Indemnité compensatrice de congés payés
Versée pour tous les jours de congés acquis et non pris à la date de rupture du contrat de travail.
Allocations chômage (ARE)
La rupture conventionnelle ouvre droit au chômage dans les conditions classiques, dès l’homologation et la fin du contrat.
La rupture conventionnelle pendant un arrêt maladie peut-elle être contestée ?
L'administration peut refuser l'homologation si elle soupçonne un vice de consentement ou une tentative de contourner un licenciement pour inaptitude.
De plus, le salarié peut saisir le Conseil de prud'hommes dans un délai de 12 mois suivant l'homologation pour demander l'annulation de la convention, notamment s'il prouve que son jugement était altéré par la maladie ou par des pressions de son employeur. Le recours à un avocat en droit du travail est alors fortement recommandé.

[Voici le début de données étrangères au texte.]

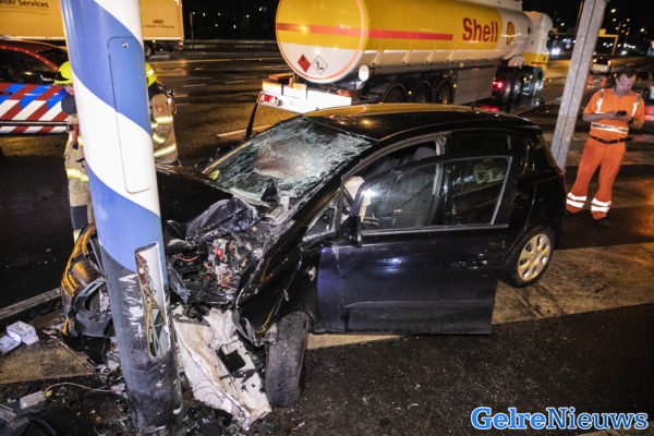 ARNHEM – Op de kruising Batavierenweg met de A325 in Arnhem is maandag laat in de avond een automobilist frontaal tegen een verkeersmast gebotst. Zowel de bestuurder als de bijrijder raakte hierbij gewond.

Les exigences légales encadrant le départ d'un salarié malade se multiplient et le risque de contentieux reste élevé. Nous prenons en charge la conformité de vos procédures de paie, le calcul des indemnités de rupture et l'édition des documents de fin de contrat pour votre entreprise. Vous validez, nous assurons la fiabilité légale de vos déclarations.
L’employeur doit tout d’abord s’assurer que l’état de santé du salarié ne compromet pas sa capacité à comprendre et à négocier les modalités de rupture conventionnelle, sans contrainte ni influence. Une communication claire et transparente est de mise lors des entretiens, ainsi que l’absence de toute forme de pression morale.
L’intégralité des droits des salariés est conservée durant la procédure afin d’assurer une égalité de traitement pour tous. Indemnités journalières de la Sécurité sociale, indemnité de rupture conventionnelle, mutuelle d’entreprise ou encore allocations chômage : le salarié en arrêt maladie bénéficie pleinement de son droit d’indemnisation, de protection, de négociation et de contestation.
La rupture conventionnelle peut s’avérer délicate dans certains cas particuliers d’arrêt maladie : troubles psychiques ou psychiatriques, maladies d’origine professionnelle ou incapacité physique ou mentale d’exercer. Selon son profil, le consentement de la personne peut être considéré comme vicié par la justice, requalifiant ainsi la rupture conventionnelle en licenciement abusif.
Le choix entre rupture conventionnelle ou licenciement dépend avant tout de la volonté des deux parties et de la situation médicale. La rupture conventionnelle exige un accord amiable et volontaire. En revanche, si le médecin du travail déclare le salarié inapte à son poste, ou si l'absence prolongée du collaborateur désorganise gravement l'entreprise au point d'imposer son remplacement définitif, c'est vers la procédure de licenciement qu'il faudra s'orienter.
Lors de la remise du solde de tout compte, il est primordial de bien comprendre une fiche de paie pour s'assurer que toutes les sommes dues y figurent correctement. Étant donné la suspension du contrat liée à l'arrêt maladie, le dernier bulletin de salaire ne présentera pas de rémunération de base classique, mais devra détailler avec précision l'indemnité de rupture conventionnelle et l'indemnité compensatrice de congés payés.